21
Oct
19

I’m A Phoenix, Bitch!

 

I’m a Phoenix, Bitch

QPAC & Brisbane Festival 

QPAC Playhouse

September 18 – 21 2019

 

Reviewed By Shannon Miller

 

 

Shrieking melodramatically and pursued by God only knows, co-writer and performer, Bryony Kimmings enters the stage in a gold sequinned dress and blonde wig, frantic and helpless. She is pursued ridiculously by herself, a creature of her own making, as she flips between the damsel in distress and the hunting beast; an introduction lampooning Hollywood clichés, scream queens, slasher films and creature features.

 

However, the damsel turns the tides and defeats the monster, triumphantly shooting invisible fireballs from her loins! Kimmings is victorious and turns to the audience posing the meta-theatrical proposition, “Imagine if I started the show like that.”

 

Surrounded haphazardly by set pieces covered in sheets, Kimmings sheds the bling and levels with the audience, donning active wear and embarking on a heartbreaking personal monologue of a much darker time in her life. She meets her partner, Tim. They fall in love, and move into a quaint cottage out of town of which they’ve been warned by the agent of a pastoral stream having the potential to swell and flood the property.

 

 

They move into the cottage nonetheless; part dream-home, part Evil Dead/cabin in the woods. Kimmings soon discovers she is with child and everything couldn’t seem more perfect. However, the stream rises inevitably as it has been foretold, and the story delivers a child plagued by medical issues, born in the midst of a relationship breakdown, while Kimmings’ character is flanked by a crushing post-natal depression.

 

Along the way, she reveals the set pieces, which appear shambolic at first but soon become a curated visual psycho-sphere, items of the symbolic order which join the dots to this quickly harrowing tale: a kitchen, a back window, a miniature of the cottage, metonymic icons of the limited roles she is expected to play in a patriarchal society.

 

 

She puts the book into song, too, at times channeling Bette Davis, Marilyn Monroe, the yes girl, the bimbo, the damsel, the siren, Lorna Jane, the psycho – stereotypes that seek to sum her up and limit her as the gathering plot begins to unravel her in synchronicity with the rising stream.

 

Kimmings has written a sharply targeted one-woman show, and she draws the audience so tightly under her control. Every second of this work is deeply felt, beautifully rendered and at times utterly exhausting. It’s funny, whimsical and a serious commentary on not just gender inequality in the domestic sphere, but it’s a personal anecdote in which the audience is voyeur to a working practitioner’s creative, self-healing process.

 

 

This is a grim modern fable daringly funny and with darkly uncompromising feminisms echoing Virginia Woolf, Joan Didion and Jeanette Winterson.
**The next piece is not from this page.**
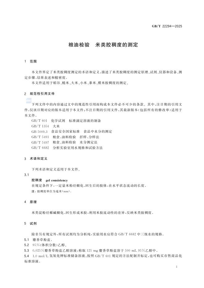 GB/T 22294-2025 粮油检验 米类胶稠度的测定

The story twists in the direction of mother-shaming, anxiety-driven perfectionism, and self-flagellation as the new currency of excellence, honing in on the pressures to be a strong and independent woman, girl, and lady – to become everything: the lover, the caregiver, and the breadwinner.

 

With stunning multi-media and set design, and a dénouement so unexpectedly dramatic and nuanced, this remarkably redemptive narrative set within a current movement of self-care and mental health awareness is buoyed ultimately by hope. A truly compelling theatrical experience.